Periodo de incubación: Durante los primeros 3-8 días se produce el contagio y aparecen los primeros síntomas. En los 3 a 7 días siguientes, aparecen silbidos audibles en el pecho, la respiración se acelera, y el bebé muestra serias dificultades para respirar. El niño está cansado y presenta somnolencia todo el día y picos de fiebre que no suelen superar los 38 grados. Además, está muy irritable.

Las bronquiolitis pueden ser leves, moderadas o graves. En los casos graves el bebé muestra serias dificultades para respirar. La respiración se acelera, se hace muy corta y hay mucho aleteo nasal. En la zona de las costillas los músculos se mueven hacia dentro, como si se succionara la carne, marcando las costillas o moviendo mucho el abdomen.

¿Qué podemos hacer como padres? Para evitar que se deshidrate, debemos hacer que el bebé tome mucho líquido. En caso de tener menos de 6 meses, si damos el pecho, deberemos aumentar las tomas para que se hidrate. El modo de aliviar la congestión nasal es despejando la nariz del pequeño. Los lavados nasales antes de comer y de dormir son una gran opción y lo más aconsejado por los pediatras. Fraccionar las tomas de alimentos, dar menos cantidad pero más frecuentemente.

En caso de que se presente fiebre, lo más probable es que haya que utilizar apiretales. Jamás mediques a un bebé sin supervisión médica. Se puede administrar paracetamol o ibuprofeno (este último, en mayores de 6 meses).

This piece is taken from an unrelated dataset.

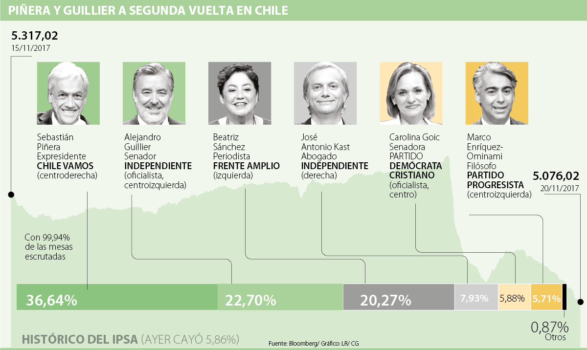 El mercado esperaba que Sebastián Piñera obtuviera más de 40% de los votos y que se fuera a segunda vuelta con Alejandro Guillier, quien se esperaba que obtuviera un poco menos de 20% de los votos.

Si el cuadro empeora, las consecuencias de la bronquiolitis en bebés puede llevar a una deshidratación elevada y a problemas respiratorios muy graves, y seguramente se requerirá hospitalización.

Prevención:

  • No tener contacto con personas que estén resfriadas o tengan fiebre, sobre todo, durante los primeros dos meses de vida y, más aún, si el niño es prematuro.
  • Limpieza y ventilación.
  • Cubrirnos cuando tosamos o estornudemos con un pañuelo y, cuando acabes, deséchalo en la papelera.

Si a pesar de todos estos cuidados, nuestro hijo tiene bronquiolitis, debemos evitar que salga hasta que se haya curado.

Recuerda que es necesario acudir a un experto para que pueda hacer una valoración del cuadro médico y darnos la pauta a seguir.

Resfriado

Los resfriados son más frecuentes en los niños que en los adultos. Por debajo de los cinco años, es habitual que los pequeños enfermen 5-6 veces al año. Y es que los pequeños aún no tienen un sistema de defensa que funcione bien contra las infecciones. En general, el resfriado común está causado por rinovirus. En los niños, también pueden ser responsables otros virus como, por ejemplo, adenovirus y el virus respiratorio sincitial.

Estos virus se encuentran en las manos y en otras zonas del cuerpo, pero, especialmente, en la mucosas de la nariz. Es aquí donde durante muchas horas producen moco.

El resfriado es muy contagioso. Para infectarse, a veces, es suficiente con respirar las pequeñas gotitas que contengan el virus. Estas gotitas se dispersan en el aire a través de la tos y de los estornudos, o simplemente tocando objetos contaminados, como juguetes, toallas, etc. Una vez alcanzados la nariz y los ojos, los virus se multiplican y se difunden por la garganta y la tráquea, causando dolor de garganta y tos.

Existen más de 200 virus del resfriado. Además de ser muy numerosos, son mutables. Por ello, consiguen eludir las defensas del organismo.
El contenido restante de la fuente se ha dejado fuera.